I often wonder what my life would have been like if I had stayed in Switzerland.
Better, I am sure.

But what then of Three Paw?
What then of Pirate?

Saturday, 10 March 2018


Last summer my parents and I went to Viareggio for a day trip. It was during the peak of Lucifero (the heatwave) so I remember the day being oppressively hot but pleasant, thanks to the sea breeze. We had lunch at one of the cute little beach bars that line the main promenade, had a paddle, and then in the afternoon wandered the Mercato searching for hats. Viareggio looks a bit like I imagine New Orleans to be. Streets on a grid, lined with colourful houses and latticed balconies. I have fond memories of everyone approving of the outing and mother, in particular, being taken by the market.

Now as winter draws to an end, I felt it was time to visit the sea again. I had been feeling low of late so I thought Viareggio might be the perfect tonic.

Yes and no.

It was an odd sort of day. I started with a walk on the beach accompanied by a slice of Margherita pizza ( happy face.) Then I did an enormous faceplant outside a clothing shop (ouch face.) It even withered the jeans around one of my knees. Nobody helped me but a few minutes later a softly spoken shop guard from Nigeria asked me if I was ok ( grateful face.)  After, I went to have a cappuccino which turned out to be even cheaper than the ones in San Miniato ( score face) but then I could not work out how to shut the toilet door in the bar. It was a sliding door that sort of disappeared into the wall and the only way to open it was to stick your finger into this tiny hole. Anyway, the barista got very cranky with me when I couldn't work it out and stomped over and said in English 'OPEN IT HERE' and yanked the door open with his finger. I don't even know why he felt the need to revert to English since I had been very politely speaking Italian earlier. For some reason, his moody demeanour set me off in the toilet and I had a big cry - the type that makes your eyes soggy and your nose red  (embarrassed face.) Fortunately, after I left I had a very lovely encounter with a lady in a dress shop (thankful face.) She was selling these gorgeous, vibrant dresses in the Positano style. Things I would have loved if I didn't feel so (a) frumpy and ( b) had some leftover imaginary money.
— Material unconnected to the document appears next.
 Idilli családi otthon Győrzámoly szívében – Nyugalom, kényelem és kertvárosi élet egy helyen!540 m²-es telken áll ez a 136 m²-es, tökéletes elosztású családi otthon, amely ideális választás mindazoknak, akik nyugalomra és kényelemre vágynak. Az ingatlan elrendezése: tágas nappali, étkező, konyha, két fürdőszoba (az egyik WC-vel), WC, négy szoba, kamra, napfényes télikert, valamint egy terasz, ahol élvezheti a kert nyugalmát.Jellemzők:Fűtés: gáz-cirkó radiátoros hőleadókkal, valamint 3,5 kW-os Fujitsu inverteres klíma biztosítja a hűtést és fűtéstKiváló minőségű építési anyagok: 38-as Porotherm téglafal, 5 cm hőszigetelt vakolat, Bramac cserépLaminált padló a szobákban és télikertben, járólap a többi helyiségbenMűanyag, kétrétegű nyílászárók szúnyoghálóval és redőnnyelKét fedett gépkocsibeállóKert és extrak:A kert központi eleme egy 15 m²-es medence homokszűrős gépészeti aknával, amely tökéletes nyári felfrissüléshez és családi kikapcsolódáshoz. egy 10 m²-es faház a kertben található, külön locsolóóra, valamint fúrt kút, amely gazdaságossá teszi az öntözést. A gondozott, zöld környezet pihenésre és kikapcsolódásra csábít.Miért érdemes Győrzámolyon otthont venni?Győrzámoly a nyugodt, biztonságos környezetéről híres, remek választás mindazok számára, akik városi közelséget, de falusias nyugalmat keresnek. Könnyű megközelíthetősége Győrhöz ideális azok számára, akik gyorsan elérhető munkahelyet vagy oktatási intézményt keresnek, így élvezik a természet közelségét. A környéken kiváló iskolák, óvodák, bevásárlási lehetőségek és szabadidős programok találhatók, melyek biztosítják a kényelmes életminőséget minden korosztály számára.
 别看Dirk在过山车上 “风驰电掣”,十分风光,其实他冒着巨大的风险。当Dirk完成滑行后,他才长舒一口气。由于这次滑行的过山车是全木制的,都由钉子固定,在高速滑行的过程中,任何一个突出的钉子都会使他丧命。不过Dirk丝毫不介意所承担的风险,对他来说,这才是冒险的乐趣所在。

Finally, I made my way back to the train station and as I was buying my ticket this stern looking policeman came up to me and asked for my documents ( panic face.) I kind of looked at him blankly at first because I couldn't understand why he wanted to see them and then I realised I didn't have them with me anyway. I don't like to carry my passport around with me here. I mean seriously after 'football' I suspect 'theft' is the national sport. So I explained to him that I lived in San Miniato and for some reason this made him relax and he left me alone. I am not sure why he stopped me. perhaps I was channeling too much vagabondo and he thought I was planning to stay in Viareggio and let the place down.  Feeling bothered I went and sat on my platform and read a book until an elderly, toothless woman in a shawl came up to ask me about the book I was reading. She noticed the author was Polish so she wanted to know if it was a Polish book. I explained the story was written in English but by a  writer with a foreign name but this did not seem to satisfy her. Then she asked what the title meant. Now the book is by Marina Lewycka and is called' Various Pets Alive and Dead.'  She knew what pets were but she suddenly became very sad when she learned the word dead. I tried to explain it wasn't actually about dead animals ( well, not in the main) but I don't think this comforted her much. Anyway, my train rolled in on time ( miracle face) and I escaped ahy further interrogation.
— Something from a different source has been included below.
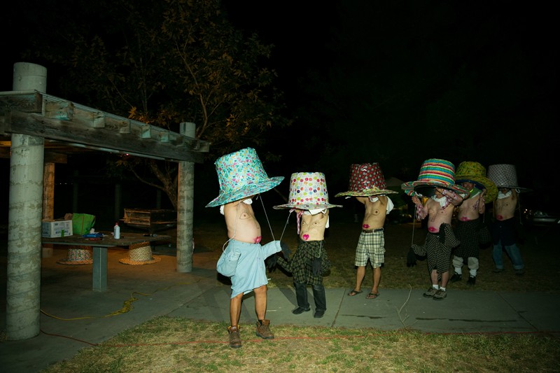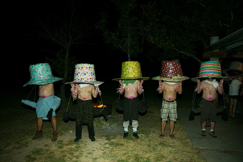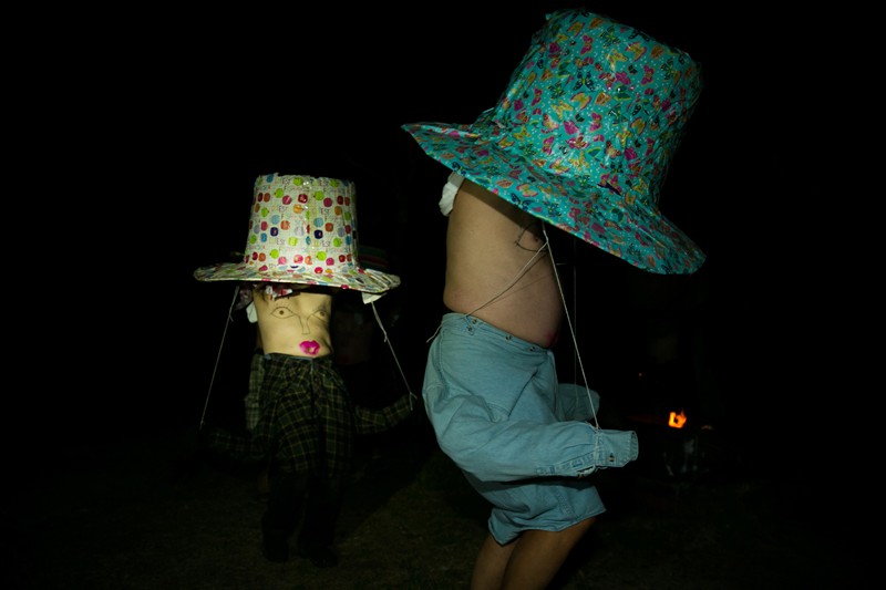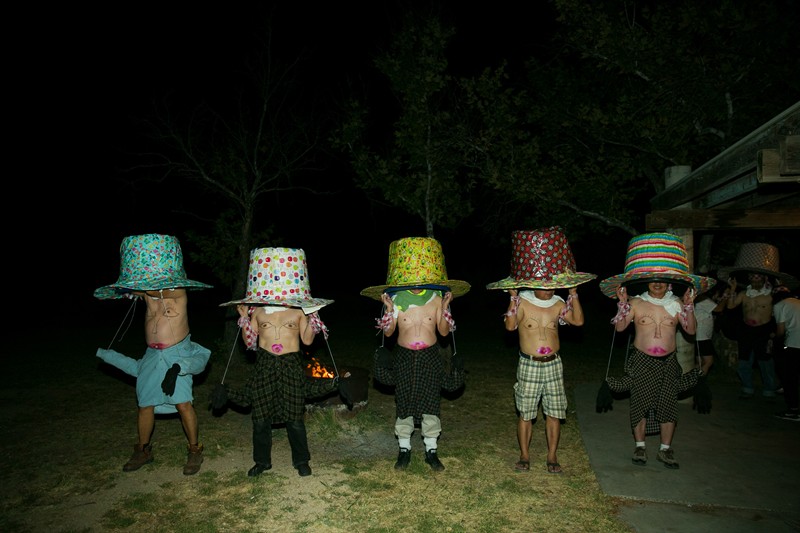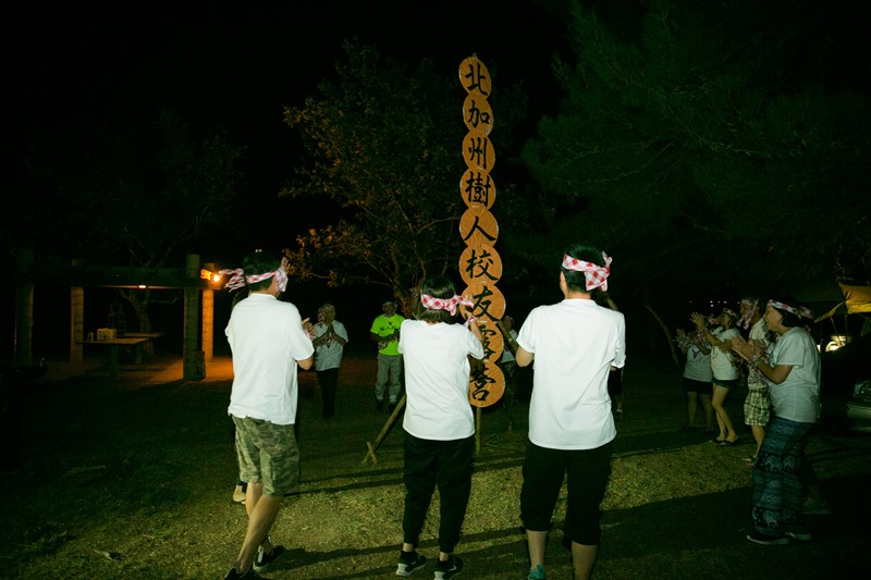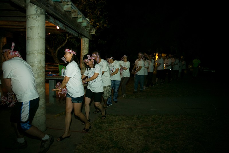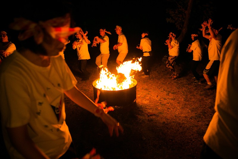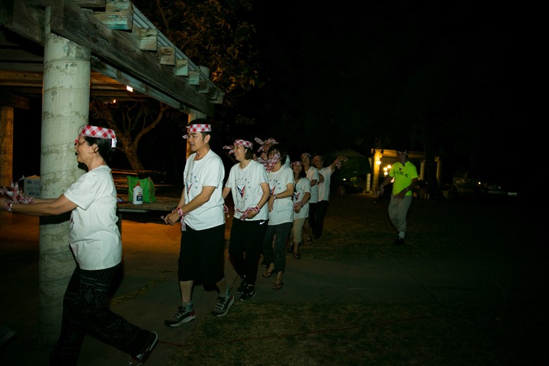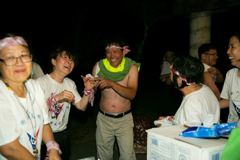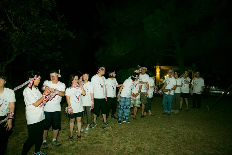 shirt, 每人頭上都圍着彩巾,驟然之間都化身成為山地民族. 隨著樂聲的激昂節奏,我們手牽着手,踏着輕快的脚步, 又唱又跳來到繎燒中的營火,

I have to say I was glad to get home but I wished...there was someone waiting to give me a cuddle and decompress the day with.  Of course, I mean a person but Three paw would have worked too.

Pirate is still learning. She hasn't quite mastered the gravitas and empathy of Three Paw yet. But late in the night when I was crying ( Three paw and day-related) she came up to me, wrapped both paws around my neck,  rested her head in the hollow of my throat and purred.

Wednesday, 7 March 2018


Every fortnight I go to Lucca to teach Film English to two classes. We have our classes in the library of the Giglio theatre right near one of the gates of the old town wall. It is a bit of a journey to get there (one bus, two trains) so one might question its worth but it is work and from its investment, other work may spring. That's the theory anyway.
I like the classes too because they are higher level students so we actually hold conversations. So far we have studied The Godfather, Stoker, and The Blues Brothers. The students enjoy learning the vocabulary from the films like 'piece of ass' so I feel it is time well spent.
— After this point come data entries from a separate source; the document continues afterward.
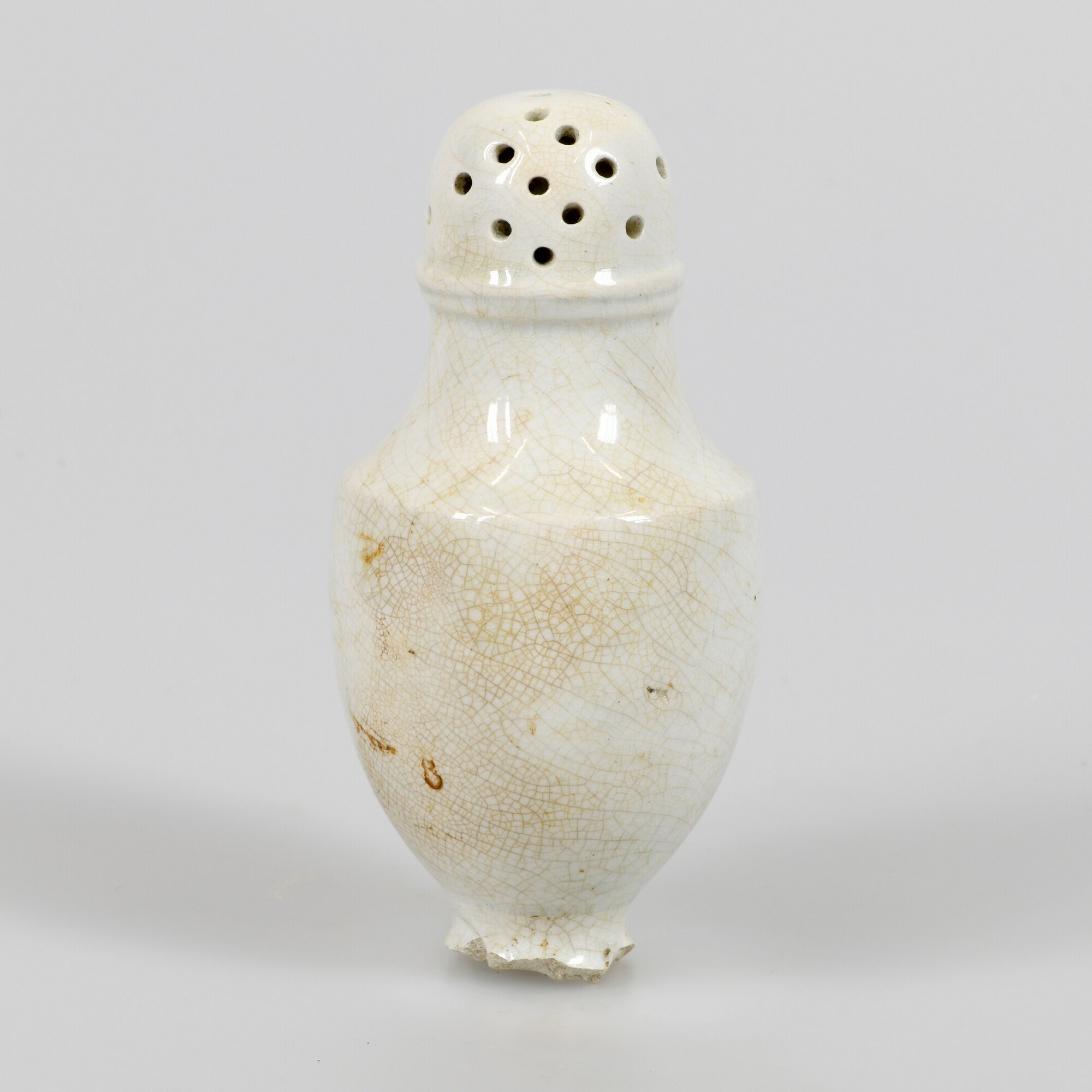 Strooier; iw-soi-1; balustervormige strooibus met doorboorde cilindrische bovenzijde en vulopening aan de onderzijde, standvoet (ontbreekt); industrieel wit aardewerk (whiteware / witgoed); loodglazuur; herkomst: Maastricht?
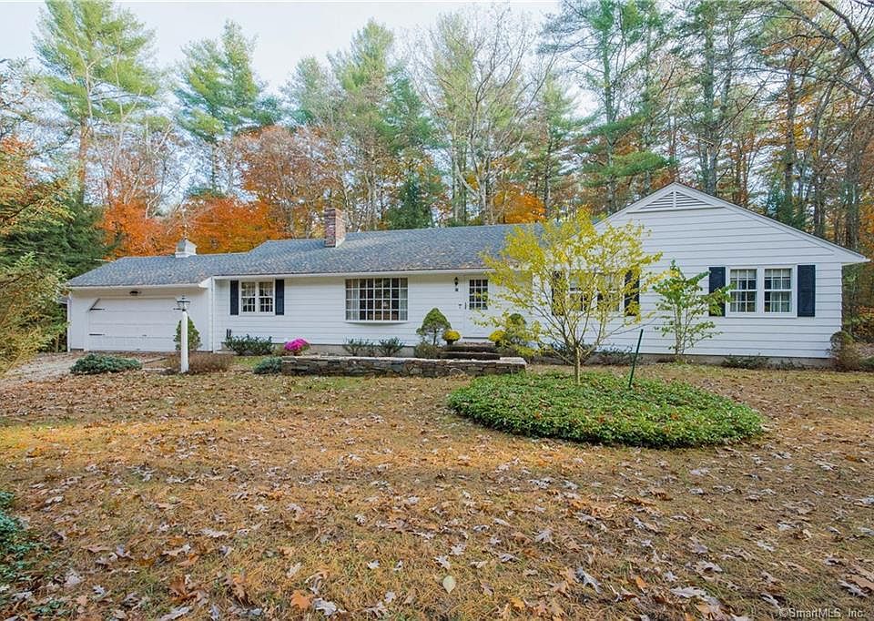 Delightful ranch in West Simsbury location. One floor living with a nice finished basement with a fireplace. House needs updating. Exterior stone patio at walk out basement. Additional parking in behind the garage. 2 fireplaces one in living room and one in lower level, granite countertops in kitchen, lots of storage in lower level, many closets, large 3.23 acre lot with lots of privacy. Interior freshly painted exterior.
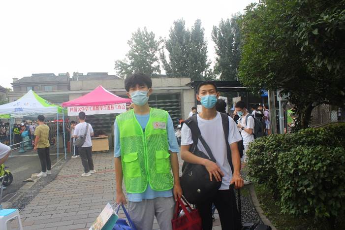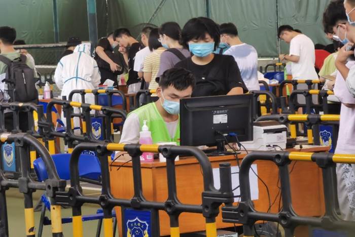 抵达成都火车东站,新生便可于西广场出口处获得志愿者的协助,于hy3380cc海洋之神新生报到接站点乘坐校车、抵达江安校区。无论是江安校区东门、南门还是西南门,都有志愿者引领新生抵达青春广场的学院迎新摊位。在迎新点上,值守志愿者收取新生信息进行身份核实,并发放校园卡、寝室钥匙以及新生礼包等物资,随后引导新生进行人脸信息录入、前往核酸检测点进行核酸检测。最后,志愿者带领新生前往宿舍所在围合管理员处,协助办理入住、搬运行李,完成报到工作。

Lucca is a pretty town too with a rare, fully intact Rennasissance wall circling around it. I always arrive there a few hours early to factor in train delays etc. The first few times I wandered around the labyrinthine alleys but now I have started passing my time on imaginary 100 euro spending sprees. What would I buy if...this week I got a cook book called Facilissimo in which all the recipes require 6 or less ingrediaents, a new bra ( it has been 8 years), a cardigan and a green jug---AND I still had money to spare! So much fun.

Thursday, 1 March 2018


Italians are not the quietest of folk. Probably in the same way Londoners regard Australians as somewhat noisy as they yakityak on the tube despite the surrounding ( glaring) silence. Italians are noisy on the bus, on the train, in the street; even their shoes clip the pavement in a more sonorous manner. I don't even know if there is an Italian word for 'whisper'. Actually, probably sotto voce but that undermines my point. Italian are loud. Period.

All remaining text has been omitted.